At one facility in a suburb of Los Angeles, there was an impressive-looking front gate, but if there were security guards out back, we didn't see them. We did find a school, and a day care center less than a mile away.

And in the center of Houston, where a terrorist attack might affect three million people, it looked as if an intruder could simply walk right in.

The person who may know the most about the lack of security is Carl Prine, an investigative reporter at the Pittsburgh Tribune-Review, who began probing security at chemical plants six months after Sept. 11 -- after companies had been warned by the government that they were potential targets.

“I found almost non-existent security in a lot of places,” says Prine, who visited 60 plants all over the country, including the Chicago, Baltimore, Pittsburgh, Pittsburgh and Houston area. “I walked right up to the tanks. There was one plant in Chicago, I simply sat on top of the tank and waved ‘Hello, I'm on your tank.’"

And he did it in broad daylight, wearing his press badge and carrying a camera. He says no one tried to stop him.

“I began to wonder, I mean, what would it take for me to get arrested at one of these plants? Would I have to come in carrying an AK-47? What would it take for someone to say, ‘Why is this guy walking around taking pictures of our tanks,’” says Prine, who told the chemical plants that he had been inside. “That was our policy. We took pictures so that the plants could identify their own weaknesses. And we also took our information to EPA; we took it to the American Chemistry Council.”

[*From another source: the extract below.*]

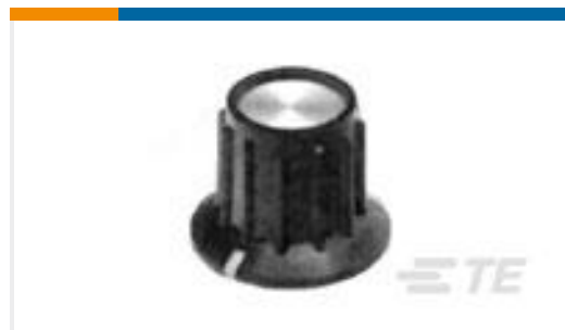
TE 产品编号1-1437624-1 PKA50B1/8=KNOB PLASTIC 1/8 SHA

But even after his expose ran in the newspaper, Prine was convinced that he could still get back into the same plants again. 60 Minutes asked him if we could tag along one rainy afternoon to see just how close they could get to the most dangerous chemicals at the Neville Chemical Plant outside downtown Pittsburgh.

There was an open gate right in front of the most dangerous chemicals at the plant. We made it in, with plenty of time to find what they were looking for.

“This is anhydrous ammonia. It searches out wet parts of the body. It goes right down your throat, rips out your lungs and also blinds you. It goes right for your eyeballs,” says Prine. “If you were to blow this thing you would probably take out the plant.”

But the most dangerous chemical at this plant was boron triflouride, a deadly, colorless gas with a suffocating odor that attacks mucous membranes and can kill at concentrations as low as 50 PPM.


Thank god I'm getting the hell out of Houston.